• What this task involves: The expected output is exactly the lines below, starting at the line with "In format cells, the" and ending at the line with "One of the most", both included; no other line belongs in it.

• Recorded data:
──────────

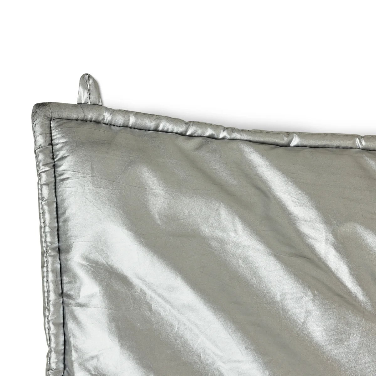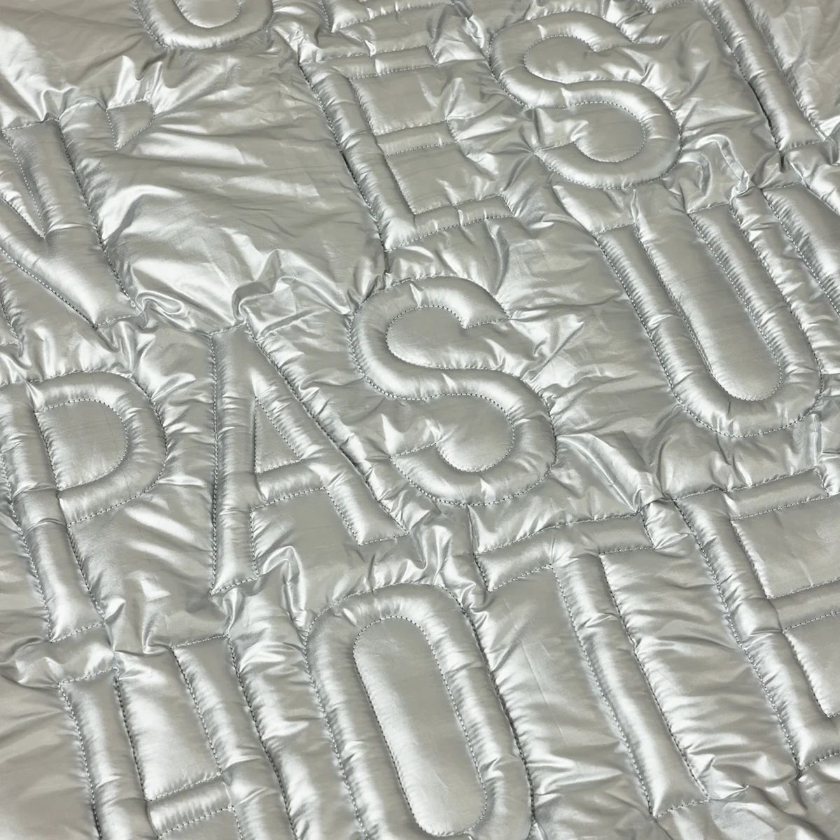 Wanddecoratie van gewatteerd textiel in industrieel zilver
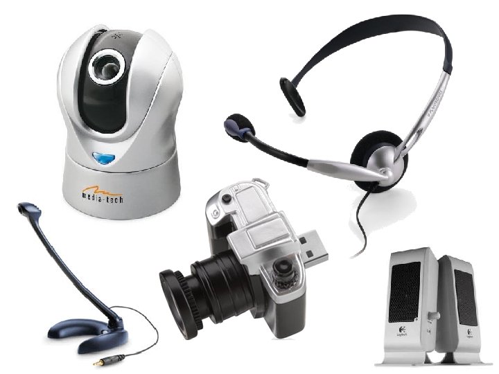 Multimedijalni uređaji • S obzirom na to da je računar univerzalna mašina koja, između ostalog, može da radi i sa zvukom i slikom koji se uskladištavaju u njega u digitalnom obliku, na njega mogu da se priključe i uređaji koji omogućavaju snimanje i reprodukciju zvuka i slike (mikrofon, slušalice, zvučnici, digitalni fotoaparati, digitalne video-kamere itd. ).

──────────

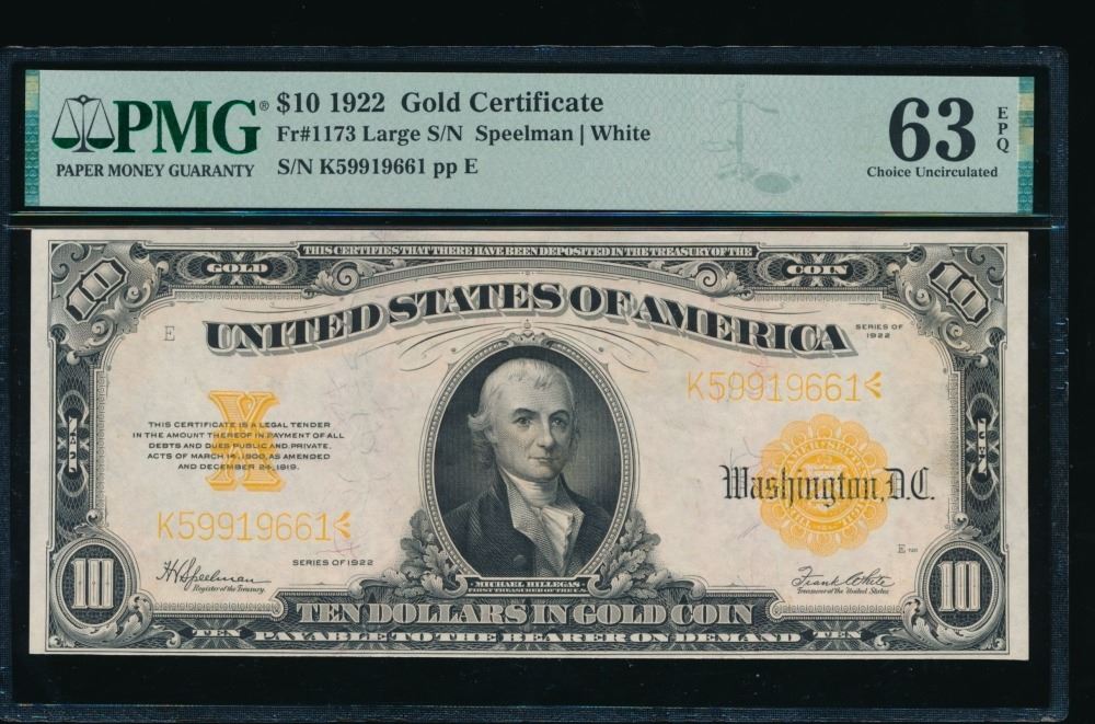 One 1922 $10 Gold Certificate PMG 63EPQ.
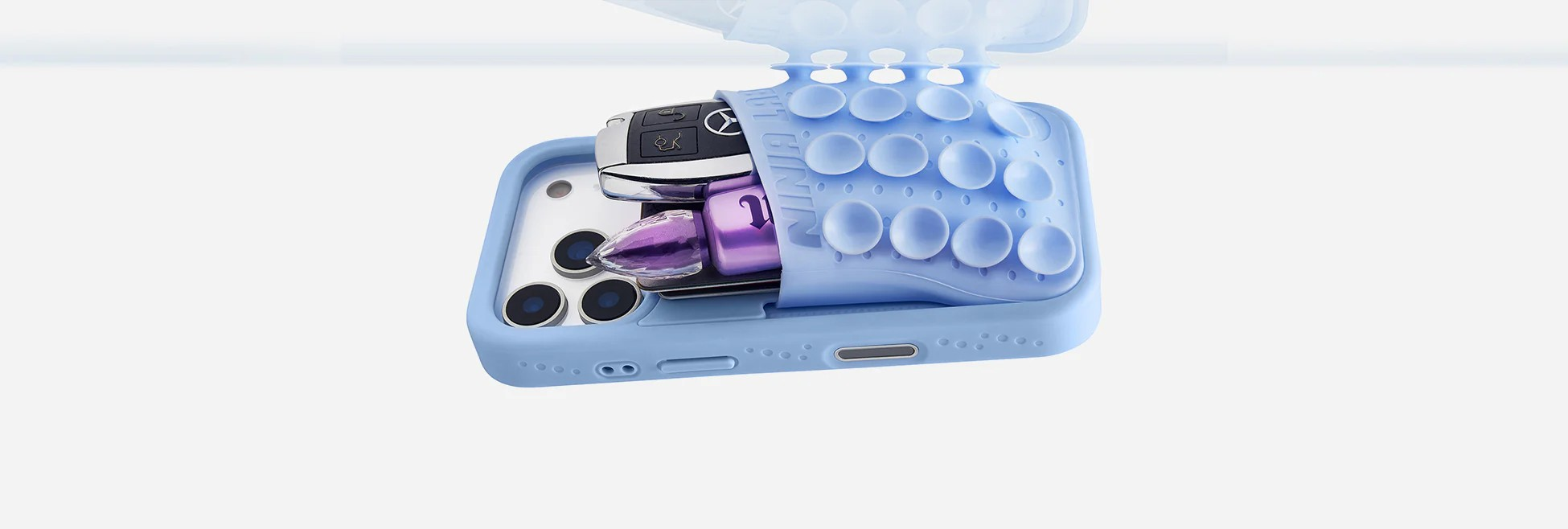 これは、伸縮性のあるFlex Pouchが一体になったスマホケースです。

──────────

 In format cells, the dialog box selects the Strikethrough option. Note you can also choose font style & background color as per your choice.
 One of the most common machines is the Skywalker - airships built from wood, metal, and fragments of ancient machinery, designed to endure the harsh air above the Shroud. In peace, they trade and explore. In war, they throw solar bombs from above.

──────────

• Task result:
 In format cells, the dialog box selects the Strikethrough option. Note you can also choose font style & background color as per your choice.
 One of the most common machines is the Skywalker - airships built from wood, metal, and fragments of ancient machinery, designed to endure the harsh air above the Shroud. In peace, they trade and explore. In war, they throw solar bombs from above.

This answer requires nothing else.